Glen Echo is a neighborhood located in the far northern part of the University District in Columbus, Ohio. The area was listed on the National Register of Historic Places in 1997. The name Glen Echo refers to Glen Echo Ravine, which runs along the northern edge of the neighborhood. Principal streets in the area are Glen Echo Drive, Summit Street, Glenmawr Avenue, North Fourth Street, Arcadia, Cliffside Drive, and more. One street, Parkview Drive, was platted in the ravine basin, but was later abandoned.
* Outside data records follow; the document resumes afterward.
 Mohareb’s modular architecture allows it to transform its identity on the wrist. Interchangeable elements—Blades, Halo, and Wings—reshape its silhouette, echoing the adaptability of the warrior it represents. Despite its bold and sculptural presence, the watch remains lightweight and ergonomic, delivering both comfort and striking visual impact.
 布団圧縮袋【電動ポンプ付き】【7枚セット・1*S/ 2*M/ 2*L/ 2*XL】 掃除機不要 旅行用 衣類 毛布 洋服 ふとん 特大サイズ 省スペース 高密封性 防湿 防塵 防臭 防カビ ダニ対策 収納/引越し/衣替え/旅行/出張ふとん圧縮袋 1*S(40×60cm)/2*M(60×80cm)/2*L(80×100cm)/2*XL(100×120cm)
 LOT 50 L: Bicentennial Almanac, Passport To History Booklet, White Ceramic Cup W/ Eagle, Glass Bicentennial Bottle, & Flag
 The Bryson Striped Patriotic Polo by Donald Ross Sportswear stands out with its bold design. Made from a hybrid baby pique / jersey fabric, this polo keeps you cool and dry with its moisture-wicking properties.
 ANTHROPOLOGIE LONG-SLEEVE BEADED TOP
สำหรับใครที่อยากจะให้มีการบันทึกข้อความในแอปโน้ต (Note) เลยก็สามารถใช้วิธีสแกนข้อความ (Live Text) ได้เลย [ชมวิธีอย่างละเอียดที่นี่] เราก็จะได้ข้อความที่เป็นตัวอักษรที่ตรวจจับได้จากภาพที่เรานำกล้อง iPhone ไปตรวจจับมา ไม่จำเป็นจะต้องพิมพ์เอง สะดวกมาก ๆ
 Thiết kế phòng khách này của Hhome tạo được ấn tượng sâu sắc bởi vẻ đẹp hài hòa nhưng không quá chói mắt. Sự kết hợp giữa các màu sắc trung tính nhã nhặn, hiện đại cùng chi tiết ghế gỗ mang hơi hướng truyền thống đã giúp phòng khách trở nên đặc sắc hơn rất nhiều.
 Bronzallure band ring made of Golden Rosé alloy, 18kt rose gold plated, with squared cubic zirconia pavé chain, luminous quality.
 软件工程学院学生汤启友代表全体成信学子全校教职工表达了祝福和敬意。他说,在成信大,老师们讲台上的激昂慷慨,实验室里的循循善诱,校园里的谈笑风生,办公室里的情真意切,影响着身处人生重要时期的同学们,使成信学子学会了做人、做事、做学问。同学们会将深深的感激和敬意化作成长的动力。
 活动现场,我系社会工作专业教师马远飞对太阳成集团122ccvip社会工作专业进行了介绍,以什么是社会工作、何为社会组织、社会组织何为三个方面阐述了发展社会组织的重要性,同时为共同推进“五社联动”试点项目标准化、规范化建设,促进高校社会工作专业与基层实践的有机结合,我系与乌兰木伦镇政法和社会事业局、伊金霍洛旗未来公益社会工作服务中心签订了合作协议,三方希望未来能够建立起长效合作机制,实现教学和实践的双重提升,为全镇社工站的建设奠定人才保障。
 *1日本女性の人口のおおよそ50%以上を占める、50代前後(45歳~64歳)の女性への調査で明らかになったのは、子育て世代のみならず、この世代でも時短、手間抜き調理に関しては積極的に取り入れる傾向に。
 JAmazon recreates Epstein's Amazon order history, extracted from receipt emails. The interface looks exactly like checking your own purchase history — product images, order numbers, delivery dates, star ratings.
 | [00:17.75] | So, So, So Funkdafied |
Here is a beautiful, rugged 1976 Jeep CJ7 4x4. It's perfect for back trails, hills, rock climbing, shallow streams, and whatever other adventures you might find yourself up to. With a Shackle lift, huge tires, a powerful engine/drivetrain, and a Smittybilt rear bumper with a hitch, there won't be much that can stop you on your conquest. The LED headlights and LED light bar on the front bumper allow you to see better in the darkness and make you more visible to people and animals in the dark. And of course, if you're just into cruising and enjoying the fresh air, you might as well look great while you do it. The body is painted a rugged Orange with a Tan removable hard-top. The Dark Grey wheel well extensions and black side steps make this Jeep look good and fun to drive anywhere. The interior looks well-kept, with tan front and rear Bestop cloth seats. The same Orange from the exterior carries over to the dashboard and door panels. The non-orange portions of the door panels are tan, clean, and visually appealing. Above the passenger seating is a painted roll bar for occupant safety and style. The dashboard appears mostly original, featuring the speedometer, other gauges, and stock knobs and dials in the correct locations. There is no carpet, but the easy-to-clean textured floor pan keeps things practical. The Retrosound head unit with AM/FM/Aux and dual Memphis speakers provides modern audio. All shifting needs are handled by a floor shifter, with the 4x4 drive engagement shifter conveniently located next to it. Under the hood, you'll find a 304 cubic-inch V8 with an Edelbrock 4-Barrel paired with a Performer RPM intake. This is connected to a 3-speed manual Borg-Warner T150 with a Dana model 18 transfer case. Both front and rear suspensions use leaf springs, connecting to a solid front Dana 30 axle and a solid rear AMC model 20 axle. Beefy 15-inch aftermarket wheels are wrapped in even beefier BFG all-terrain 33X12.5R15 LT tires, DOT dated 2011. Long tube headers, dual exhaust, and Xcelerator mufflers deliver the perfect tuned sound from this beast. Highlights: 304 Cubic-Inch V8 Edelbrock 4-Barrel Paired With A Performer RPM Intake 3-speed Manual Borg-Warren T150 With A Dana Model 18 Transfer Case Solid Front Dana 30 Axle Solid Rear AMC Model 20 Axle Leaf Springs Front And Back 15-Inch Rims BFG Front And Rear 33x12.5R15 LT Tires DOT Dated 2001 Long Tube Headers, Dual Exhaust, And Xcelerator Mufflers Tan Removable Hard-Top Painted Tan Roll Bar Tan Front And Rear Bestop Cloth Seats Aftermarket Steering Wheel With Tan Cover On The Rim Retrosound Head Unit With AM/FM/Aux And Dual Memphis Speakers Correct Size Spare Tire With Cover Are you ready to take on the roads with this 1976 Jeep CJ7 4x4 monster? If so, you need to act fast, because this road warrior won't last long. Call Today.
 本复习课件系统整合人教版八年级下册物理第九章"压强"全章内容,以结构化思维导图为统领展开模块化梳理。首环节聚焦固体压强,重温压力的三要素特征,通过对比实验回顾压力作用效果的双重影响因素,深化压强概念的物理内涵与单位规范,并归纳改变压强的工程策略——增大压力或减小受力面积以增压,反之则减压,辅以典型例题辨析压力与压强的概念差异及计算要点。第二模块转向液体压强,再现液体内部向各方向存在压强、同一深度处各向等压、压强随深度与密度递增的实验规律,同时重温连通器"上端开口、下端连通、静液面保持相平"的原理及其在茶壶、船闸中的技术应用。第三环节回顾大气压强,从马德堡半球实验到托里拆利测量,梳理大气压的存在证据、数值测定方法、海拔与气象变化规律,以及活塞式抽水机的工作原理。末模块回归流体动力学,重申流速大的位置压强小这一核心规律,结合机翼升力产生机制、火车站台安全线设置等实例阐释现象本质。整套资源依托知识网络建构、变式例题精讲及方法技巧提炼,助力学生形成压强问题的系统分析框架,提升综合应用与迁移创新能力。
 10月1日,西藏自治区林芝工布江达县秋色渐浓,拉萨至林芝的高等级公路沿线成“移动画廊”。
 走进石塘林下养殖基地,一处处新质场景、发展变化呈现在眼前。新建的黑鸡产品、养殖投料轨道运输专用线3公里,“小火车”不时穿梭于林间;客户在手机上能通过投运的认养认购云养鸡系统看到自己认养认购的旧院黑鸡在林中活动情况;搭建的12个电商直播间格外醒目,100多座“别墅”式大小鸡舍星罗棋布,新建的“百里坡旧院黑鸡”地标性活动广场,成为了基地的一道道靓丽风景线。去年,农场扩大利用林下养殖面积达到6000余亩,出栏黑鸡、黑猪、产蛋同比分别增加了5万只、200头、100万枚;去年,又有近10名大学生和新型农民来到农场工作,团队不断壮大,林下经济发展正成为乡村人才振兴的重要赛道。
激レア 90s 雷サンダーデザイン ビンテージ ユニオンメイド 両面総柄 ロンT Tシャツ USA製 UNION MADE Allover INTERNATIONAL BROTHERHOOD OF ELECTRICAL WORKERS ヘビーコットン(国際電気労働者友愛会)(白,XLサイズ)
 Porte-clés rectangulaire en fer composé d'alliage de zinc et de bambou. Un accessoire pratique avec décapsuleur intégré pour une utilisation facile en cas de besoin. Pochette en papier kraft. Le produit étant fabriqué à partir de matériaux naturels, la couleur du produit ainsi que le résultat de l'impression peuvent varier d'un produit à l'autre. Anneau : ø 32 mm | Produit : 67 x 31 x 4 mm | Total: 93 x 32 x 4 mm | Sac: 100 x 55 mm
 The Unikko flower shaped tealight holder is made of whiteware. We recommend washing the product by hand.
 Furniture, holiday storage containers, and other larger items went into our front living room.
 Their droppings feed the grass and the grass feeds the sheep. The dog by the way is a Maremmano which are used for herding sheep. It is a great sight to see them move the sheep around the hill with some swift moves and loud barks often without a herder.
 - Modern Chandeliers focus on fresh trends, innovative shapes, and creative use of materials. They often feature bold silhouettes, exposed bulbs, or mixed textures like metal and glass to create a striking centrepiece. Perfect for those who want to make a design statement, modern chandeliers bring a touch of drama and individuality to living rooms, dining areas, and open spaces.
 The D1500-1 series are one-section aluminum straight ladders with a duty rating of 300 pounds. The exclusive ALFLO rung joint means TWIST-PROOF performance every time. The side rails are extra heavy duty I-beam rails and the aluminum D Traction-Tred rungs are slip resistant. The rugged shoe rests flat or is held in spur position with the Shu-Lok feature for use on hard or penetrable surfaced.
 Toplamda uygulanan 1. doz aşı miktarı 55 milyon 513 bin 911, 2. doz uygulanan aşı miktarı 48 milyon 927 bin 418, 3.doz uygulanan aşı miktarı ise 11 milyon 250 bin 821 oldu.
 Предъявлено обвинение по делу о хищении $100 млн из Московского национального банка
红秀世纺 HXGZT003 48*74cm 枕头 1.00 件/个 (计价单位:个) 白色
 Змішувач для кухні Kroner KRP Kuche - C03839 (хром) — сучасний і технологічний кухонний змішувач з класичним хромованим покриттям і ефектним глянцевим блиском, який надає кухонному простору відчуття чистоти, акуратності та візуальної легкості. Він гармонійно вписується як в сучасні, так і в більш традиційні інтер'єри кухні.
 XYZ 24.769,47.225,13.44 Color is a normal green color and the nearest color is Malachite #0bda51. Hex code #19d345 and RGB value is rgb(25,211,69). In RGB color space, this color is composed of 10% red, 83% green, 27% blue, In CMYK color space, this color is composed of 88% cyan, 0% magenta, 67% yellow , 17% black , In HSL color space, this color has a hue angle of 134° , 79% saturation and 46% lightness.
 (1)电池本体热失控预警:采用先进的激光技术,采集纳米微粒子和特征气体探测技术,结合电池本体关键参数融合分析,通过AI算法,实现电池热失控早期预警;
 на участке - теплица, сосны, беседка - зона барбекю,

The district originated in 1909 when the Columbus Real Estate and Improvement Company platted  as "Indianola Park View" for a planned residential subdivision and a part of the Glen Echo Ravine was delineated as a park, the first such donation to the city of Columbus by a real estate developer. The wooded Glen Echo Ravine significantly influenced the original layout, design, and overall character of the district. The neighborhood's developer was also involved with the development of Walhalla Ravine and Eastgate. Prior to its development, the area was considered for a major hospital; however, those plans were abandoned.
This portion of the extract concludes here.